Introduction:Curvularia is an emerging dematiaceous/melanized/phaeoid hyphomycete causing ocular curvulariosis including keratomycosis, conjunctivitis, dacryocystitis, sino-orbital cellulitis, and endophthalmitis. Curvularia ketatomycosis may be associated with satellite stromal infiltrates, immune rings, Descement’s folds, iriditis, and endothelial plaque. Surgical trauma followed by delayed tissue healing may render cornea susceptible to invasion by exogenous air-dispersed conidia from environment.
Cases Presentation:Curvularia lunata keratomycosis occurred in 2 military veterans after phacoemulsification and intraocular lens implantation without any history of trauma. Topical 5% natamycin was effective for treatment resulting in minimal residual scar. Complete recovery and uneventful 1-year follow-up period was observed.
Conclusions:Seven out of 30 Curvularia species are emerging as opportunistic human pathogens from being primary phytopathogens. With increasing ocular surgeries in the diabetic populace amongst general population including military veterans, a high index of clinical and microbiological suspicion is required for optimal diagnosis of emerging pathogens in post-operative keratomycosis.
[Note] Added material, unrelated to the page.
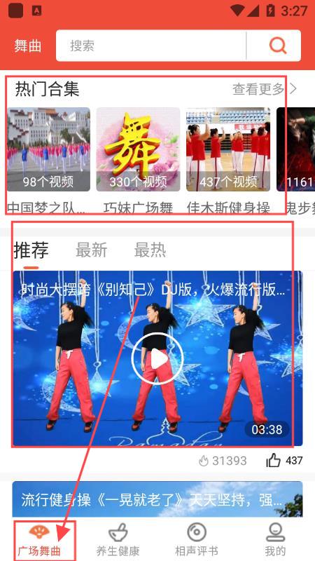 1、在广场舞曲界面可以跟着视频学习广场舞。
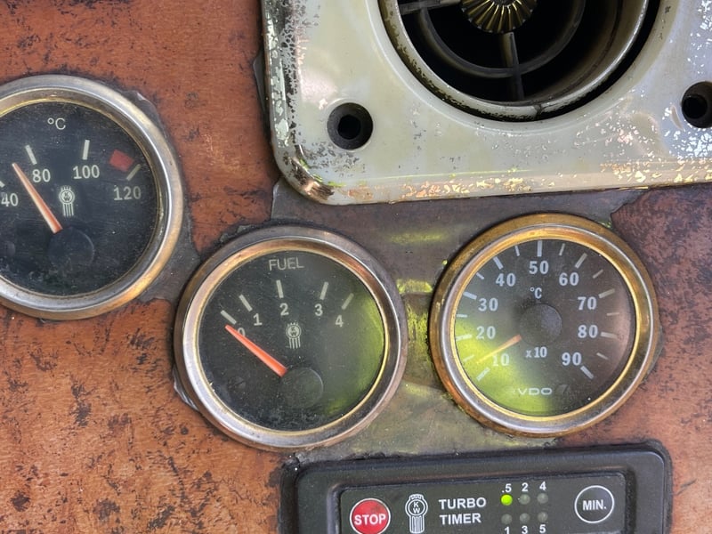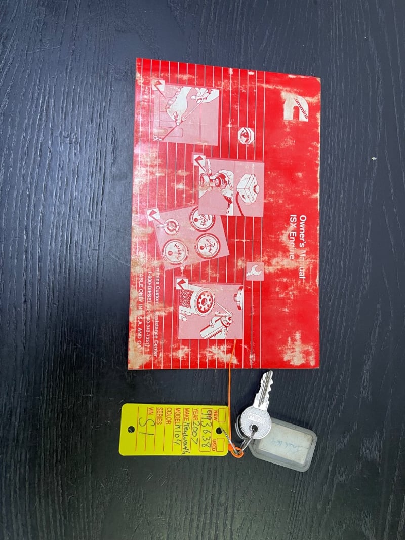 breaks caged off, buttons damaged, will need a jump start to turn over.

Curvularia is an emerging dematiaceous/melanized/phaeoid hyphomycete causing ocular curvulariosis including keratomycosis, conjunctivitis, dacryocystitis, sino-orbital cellulitis, and endophthalmitis. Seven out of 30 species are emerging as opportunistic human pathogens from being primary phytopathogens. The emergence of C. lunata in clinical specimens, frequently from corneal scrapings, makes it a significant ocular pathogen. Curvularia ketatomycosis may be associated with satellite stromal infiltrates, immune rings, Descement’s folds, iriditis, and endothelial plaque. Exophytic inflammatory fungal sequestration, hypopyon, or perforation are not common (1-3). We report 2 cases of mycotic keratitis due to Curvularia lunata.
2. Case Presentation
2.1. Case 1
C. lunata was isolated from corneal scraping from an 80 year old male military veteran presenting with pain, watering, photophobia, and reducing vision 3 months after phacoemulsification and intraocular lens implantation of the right eye. There was chronic history of diabetes mellitus but no history of ocular trauma. Examination revealed lid oedema, conjunctival congestion, visual acuity of 20/50 (counting fingers) in the right eye, and presence of a corneal opacity with diffuse infiltration covering entire cornea (Figure 1). Anterior chamber was well formed and the pupil was central, circular and sluggishly reacting to light. Posterior chamber examination revealed pseudophakia in situ. Fundus was unremarkable. Intraocular pressure was 14 mm by applanation tonometry. Left eye examination was normal. No suppuration or hypopyon was seen. Direct microscopic examination of corneal scraping revealed hyaline branched septate hyphae without arthroconidia on 10% potassium hydroxide mount. Gram stain and Giemsa stain were not contributory. Cultures on blood and chocolate agar at 370C revealed growth of effuse grey colonies, which was subcultured on plain Sabouraud’s dextrose agar at 25°C (HiMedia Laboratories, India). Microscopically, branched septate, hyaline to brown hyphae, slightly curved conidia with 3 septa, curved swollen large subterminal cell were seen (Figure 2). The identification was confirmed from local mycology reference centre. Topical therapy with 5% natamycin over 6 weeks led to clinical improvement and recovery, although with minimal residual scarring of cornea. A 1-year follow-up period remained uneventful.
2.2. Case 2
C. lunata was isolated from culture of corneal scraping from a 64-year-old male military veteran reporting with pain, watering, photophobia, and partial loss of vision in right eye, 2 months after a successful cataract surgery. There was no history of ocular trauma, other eye diseases or diabetes mellitus in the past. Examination revealed conjunctival congestion, visual acuity of 20/30 in the right eye, and presence of a corneal ulcer with diffuse infiltration covering less than a third of cornea. Slit lamp examination revealed a well-localized white infiltrate of approximately 3 × 5 mm mainly occupying the inferior part of cornea involving the visual axis with surrounding edema and an overlying epithelial defect of about 4 × 6 mm. The fungus was identified and managed as in Case 1. Complete recovery and uneventful 1-year follow-up period was observed.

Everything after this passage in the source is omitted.